Not all the news is bad. Some 46 sub-Saharan countries have introduced a total of 166 social-protection policies, such as cash transfers or free electricity, though most are still very small. The pandemic has spurred several to digitise faster. Ethiopia has adopted a law giving electronic documents legal force. Togo has issued welfare payments using mobile money.

Another hopeful development is the African Continental Free Trade Area, which was launched on January 1st. It should eventually ease trade within Africa. That could boost manufacturing, the importance of which the pandemic has stressed. The lack of domestically made surgical masks and drugs made Africa “very, very vulnerable”, says Akinwumi Adesina, president of the African Development Bank. “We must be more self-reliant,” says Amadou Hott, Senegal’s economy minister.

However, when it comes to cushioning the economic shock of covid-19, sub-Saharan governments have fewer options than rich countries do, mostly because they cannot borrow as cheaply. On average they spent just 3% of gdp to respond to the crisis, compared with about 5% in the IMF’s group of “emerging markets” and more than 7% in rich countries. Whereas central banks in advanced economies have pursued radical policies, those in Africa have stuck to orthodox ones, lest they endanger their macroeconomic stability. Only about half have cut interest rates. The difference is between doing “whatever it takes” and “whatever is possible”, argues Abebe Aemro Selassie of the IMF.
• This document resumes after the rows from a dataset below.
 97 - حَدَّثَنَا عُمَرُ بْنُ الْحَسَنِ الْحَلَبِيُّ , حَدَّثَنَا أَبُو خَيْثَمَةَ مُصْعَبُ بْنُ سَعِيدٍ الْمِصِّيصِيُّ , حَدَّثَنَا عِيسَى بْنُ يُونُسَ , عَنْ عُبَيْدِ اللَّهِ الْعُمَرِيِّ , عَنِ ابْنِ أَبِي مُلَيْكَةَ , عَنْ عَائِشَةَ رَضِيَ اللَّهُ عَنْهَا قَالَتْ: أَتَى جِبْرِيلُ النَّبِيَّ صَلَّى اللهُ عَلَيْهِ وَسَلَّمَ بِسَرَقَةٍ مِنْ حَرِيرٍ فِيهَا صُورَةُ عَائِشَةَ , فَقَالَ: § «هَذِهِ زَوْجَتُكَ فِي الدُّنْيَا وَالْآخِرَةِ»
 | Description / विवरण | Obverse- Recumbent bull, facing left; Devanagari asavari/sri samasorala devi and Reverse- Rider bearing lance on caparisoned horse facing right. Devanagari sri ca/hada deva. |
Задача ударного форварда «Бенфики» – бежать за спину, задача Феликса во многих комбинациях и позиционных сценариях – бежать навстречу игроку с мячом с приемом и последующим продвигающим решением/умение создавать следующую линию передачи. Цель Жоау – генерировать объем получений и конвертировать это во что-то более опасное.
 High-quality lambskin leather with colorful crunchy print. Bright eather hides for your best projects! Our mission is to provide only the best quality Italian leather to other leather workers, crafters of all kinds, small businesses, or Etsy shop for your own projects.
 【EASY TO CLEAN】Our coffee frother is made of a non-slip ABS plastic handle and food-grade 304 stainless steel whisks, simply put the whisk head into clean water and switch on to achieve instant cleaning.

In the next few years, governments in sub-Saharan Africa will face two huge challenges: vaccines and finance. A few have not fully grasped the urgency of the situation. South Africa, for example, is spending a fortune bailing out the national airline while dawdling over buying vaccines. Tanzania’s president, John Magufuli, casts doubt on whether they even work. “If the white man was able to come up with vaccinations,” he said, “then vaccinations for aids…malaria, and cancer would have been found.” He told the health ministry not to adopt a vaccine until it has been certified by Tanzanian experts.

Most African governments, however, are eager to get vaccines as fast as possible. The biggest problem is that it will take time for the world’s vaccine-makers to churn out enough for everyone. Under Covax, a global vaccine scheme largely funded by donors, governments are trying to get enough for 20% of people in poor countries by the end of this year. The African Union has separately secured 670m vaccine doses, roughly enough for a further 25% of Africans, from Pfizer, Johnson & Johnson, and AstraZeneca, though it is unclear when they will arrive. Some countries are also negotiating directly with suppliers, including Chinese and Russian ones.

Whereas rich countries aim to vaccinate most people by the middle of this year, John Nkengasong, the head of Africa CDC, a public-health body, is aiming for 60% of Africans to be jabbed by the end of next year. Even that may be optimistic. The Economist Intelligence Unit, our sister organisation, estimates that in most African countries most people will not be inoculated until mid-2023 or early 2024 (see map).

So Africa may suffer waves of infection after the disease has ebbed in the rich world. This will cause more death and suffering as well as economic pain. It may also allow new variants to evolve, which could endanger people in rich countries, too.